No worries Tom, Your steelhead life changes forever in just one week!


----------



## thephildo0916 (Mar 4, 2009)

nforkoutfitters said:


> No worries Tom, Your steelhead life changes forever in just one week!


Josh McQueen, placing flies directly on the nose of steel since 1965. Making steelhead goo-goo for glo bugs.


----------



## nforkoutfitters (Jan 25, 2010)

You basically take a fly the size of a husky tail and like a gate opens and closes, swing!


----------



## steelheader007 (Apr 8, 2004)

nforkoutfitters said:


> like a gate opens and closes I swing!


LOL.. "cant resist" well you swing you need to go to the interbelt not all of us need to know!...


----------



## thephildo0916 (Mar 4, 2009)

nforkoutfitters said:


> You basically take a fly the size of a husky tail and like a gate opens and closes, swing!


Husky tails are the only way to fish for steel, you know. Broheem


----------



## FISHIN216 (Mar 18, 2009)

Lmao.....that plays in my head all the time....."you are supposed to catch steelies on the swing you know" 

Outdoor Hub mobile, the outdoor information engine


----------



## nforkoutfitters (Jan 25, 2010)

steelheader007 said:


> LOL.. "cant resist" well you swing you need to go to the interbelt not all of us need to know!...


you caught me before my edit Gribble! LOL


----------



## steelheader007 (Apr 8, 2004)

nforkoutfitters said:


> you caught me before my edit Gribble! LOL


..I know it was priceless almost cat like reflexes..lol..


----------



## Fishman (Apr 5, 2004)

I cannot wait to get out with Josh next week, looking forward to finding out what the heck I'm doing wrong. I'm by no means an expert fisherman, but I like to think I have half a clue. When it comes to chrome..... I down right stink though!

In all honestly if Josh can teach me a few things and puts me on a fish I'll sincerely be surprised. My guess is I'll somehow curse him and he'll never catch another one again


----------



## Fishman (Apr 5, 2004)

thephildo0916 said:


> Husky tails are the only way to fish for steel, you know. Broheem


I recently saw a guy using a rooster tail under your stereotypical red/white bobber the size of a racketball. I havn't tried it yet. Is this the steelhead fishermans best kept secret? Should I delete this post? Please advise.


----------



## thephildo0916 (Mar 4, 2009)

Fishman said:


> I recently saw a guy using a rooster tail under your stereotypical red/white bobber the size of a racketball. I havn't tried it yet. Is this the steelhead fishermans best kept secret? Should I delete this post?
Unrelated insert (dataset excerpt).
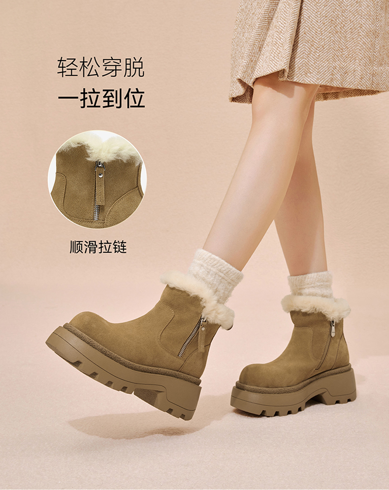 | 帮面材质:牛剖层革 | 配跟:无 | 靴筒口围:32CM | 上市时间:2025年冬季 | 鞋类流行款式:雪地靴 |

Please advise.



He is referring to my husky's(dog) tail haha


----------



## FISHIN216 (Mar 18, 2009)

Fishman.....watch "I'm quitting steelhead" on youtube lol

Outdoor Hub mobile, the outdoor information engine


----------



## Fishman (Apr 5, 2004)

I think I 'm going to check it out, after all this is all I caught today on an eastside unmentionable.












Took a chartruese spawn sac in a few feet of water, great fight despite minimal flow. If anyone has any construction projects in their immediate future the rivers appear to be full premium plywood peices.


----------